There are two main motivations for structuralism. The first motivation is anti-Platonic animus. The second is worries about uniqueness: if there are abstract objects, there are many candidates for, say, the natural numbers, and it would be arbitrary if our mathematical language were to succeed in picking out on particular family of candidates.

The difficulty with this sort of structuralism is that while it may be fine for a good deal of "ordinary mathematics", such as real analysis, finite-dimensional geometry, dealing with prime numbers, etc., it is not clear that there are enough possible physical structures to model the axioms of such systems as transfinite arithmetic. And if there aren't, then antecedents in claims like (1) will be false, and hence the necessary conditional will hold trivially. One could bring in counterpossibles but that would be explaining the obscure with the obscurer.

I want to drop the requirement that the structures we're talking about are physical structures. Thus, instead of (1), we should say:

  1. Necessarily, for any structure that satisfies the axioms A1,...,An, the structure satisfies the claim that there are infinitely many primes.
If we do this, we no longer have a physicalist reduction. But that's fine if our motive for structuralism is worries about arbitrariness rather than worries about abstracta.

Next, restrict the theory to being about what modern mathematics typically means by its mathematical claims. If we do this, the claim becomes logically compatible with Platonism about numbers. Let us suppose that there really are numbers, and our ordinary language gets at them. Nonetheless, I submit, when a modern number theorist is saying that there are infinitely many primes, she is likely not making a claim specifically about them. Rather, she is making a claim about every system that satisfies the said axioms. If the natural numbers satisfy the axioms, then her claims have a bearing on the natural numbers, too.

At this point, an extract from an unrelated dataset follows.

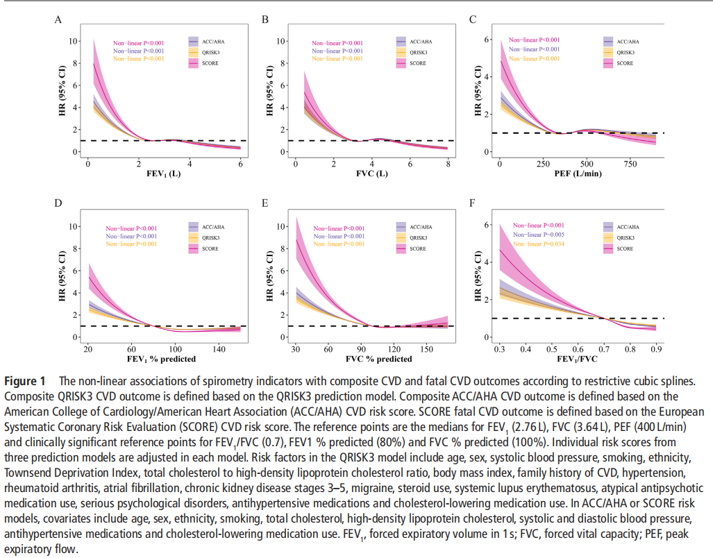 在中位12.5年的随访中,记录了21 885起QRISK3事件、12 843起ACC/AHA事件和2987起SCORE事件。肺活量测定参数与CVD结果的相关性呈L形。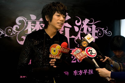 寧浩的新片《瘋狂的賽車》將在本月20日全國公映,昨日來滬宣傳的他,也帶著演員九孔來到摩登上海的頒獎禮上。擔(dān)任頒獎嘉賓的寧浩顯得有些靦腆,所有的風(fēng)頭都被首次來滬的臺灣著名諧星九孔“搶”去了。一直念叨著“1月20日”這個《瘋狂的賽車》公映的時間,九孔拼命給自己的新片打廣告。而為了讓臺下觀眾對電影和自己更有“印象”,九孔還現(xiàn)場表演了一段拿手的模仿秀。一曲任賢齊的《心太軟》讓臺下觀眾一時以為自己是在觀看《全民大悶鍋》。

Here is one reason to think that she's saying that. Mathematical practice is centered on getting what generality you can. What mathematician would want to limit a claim to being about the natural numbers, when she could, at no additional cost, be making a claim about every system that satisfies the Peano axioms?

Now, if we go for this gentler structuralism, and allow abstract entities, we can easily generate structures that satisfy all sorts of axioms. For instance, consider plural existential propositions. These are propositions of the form of the proposition that the Fs exist, where "the Fs" directly plurally refers to a particular plurality. We can define a membership relation: x is a member of p if and only if x is said by p to exist. Add an "empty proposition", which can be any other proposition (say, that cats hate dogs) and say that nothing is its member. Then plural existential propositions, plus the empty proposition, with this membership relations should satisfy the axioms of a plausible set theory with ur-elements. If all one wants is Peano axioms, we can take them to be satisfied by the sequence of propositions that there are no cats, that there is a unique cat, that there are distinct cats x and y and every cat is x or is y, that there are distinct cats x and y and z and every cat is x or is y or is z, and so on.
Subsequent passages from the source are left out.